Explain Codes LogoExplain Codes Logo

How to strip HTML tags from a string in SQL Server?

sql
html-stripping
user-defined-functions
xml-method
Alex KataevbyAlex Kataev·Aug 18, 2024
TLDR

Quickly strip HTML tags using SQL Server's inbuilt WHILE loop, PATINDEX, and STUFF functions:

DECLARE @Html NVARCHAR(MAX) = '<p>Some <b>HTML</b> content.</p>'; WHILE PATINDEX('%<%>%', @Html) > 0 SET @Html = STUFF(@Html, PATINDEX('%<%>%', @Html), CHARINDEX('>', @Html, PATINDEX('%<%>%', @Html)) - PATINDEX('%<%>%', @Html) + 1, ''); SELECT @Html AS CleanText;

Result: "Some HTML content."—tags are stripped. Easy-peasy! However, for complexities like nested tags and HTML entities, let's level up.

Advanced strategies: XML & UDFs

XML in T-SQL for complex HTML structures

SQL Server's XML data type kicks in for advanced HTML tag removal and decodes HTML entities:

DECLARE @Html NVARCHAR(MAX) = '<p>Some <b>HTML</b> content &amp; entities.</p>'; SELECT TRY_CAST('<XML><![CDATA[' + @Html + ']]></XML>' AS XML).value('.', 'NVARCHAR(MAX)') AS CleanText;

For SQL 2000, replace MAX keyword with (4000) or a specific fixed value.

User-Defined Functions for the tricky bits

An UDF provides an efficient way when you need to strip specific tags like <STYLE> and customize it for your own needs:

CREATE FUNCTION dbo.udf_StripHTML (@HTMLText NVARCHAR(MAX)) RETURNS NVARCHAR(MAX) AS BEGIN -- Define the tag boundaries -- Add logic to exclude STYLE tags along with their content -- Because you hate inline styles as much as I hate pineapple on pizza -- Implement a loop to strip off the tags RETURN @StrippedHTMLText END

The UDFs are reusable, handle a range of scenarios, and leave your data intact like a well-behaved guest. Just don't forget the REPLACE function to map HTML entities correctly.

Performance in mind

Whether using XML method or UDFs, remember to test with sample data. Performance is key, and no one likes a slow show-off. SQL Server is not your grandma, you have to make it run faster!

Special character considerations

Accented characters: a piece of cake

SQL Server can handle special characters including accents. Here's how you normalize them:

SELECT REPLACE(@Html COLLATE Latin1_General_BIN, 'é', 'e') AS NormalizedText;

The collate function is your handy tool to level up the game.

HTML entities to the rescue

Anybody dealing with HTML tags, often encounters HTML entities that need conversions.
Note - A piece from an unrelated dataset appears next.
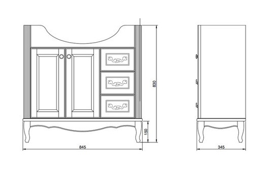 - тумба под раковину Эллина 85, массив ясеня, 2 распашных фасада, 3 ящика, ручки бронза

Here's one way to tackle it:

SET @Html = REPLACE(@Html, '&amp;', '&'); SET @Html = REPLACE(@Html, '&lt;', '<'); -- Keep replacing more entities, like a superhero you are!

This conversion helps retain the meaning of the content.

UDF-free HTML tag stripping

If you're not a fan of UDFs, here's a TRY_CAST method with XML for HTML tag stripping, instructions are pretty simple:

SELECT TRY_CAST(@Html AS XML).value('(/text())[1]', 'VARCHAR(MAX)') AS PlainText;

This gives you a clean, tag-free result without the help of additional functions. Because who doesn't like minimalism, right?!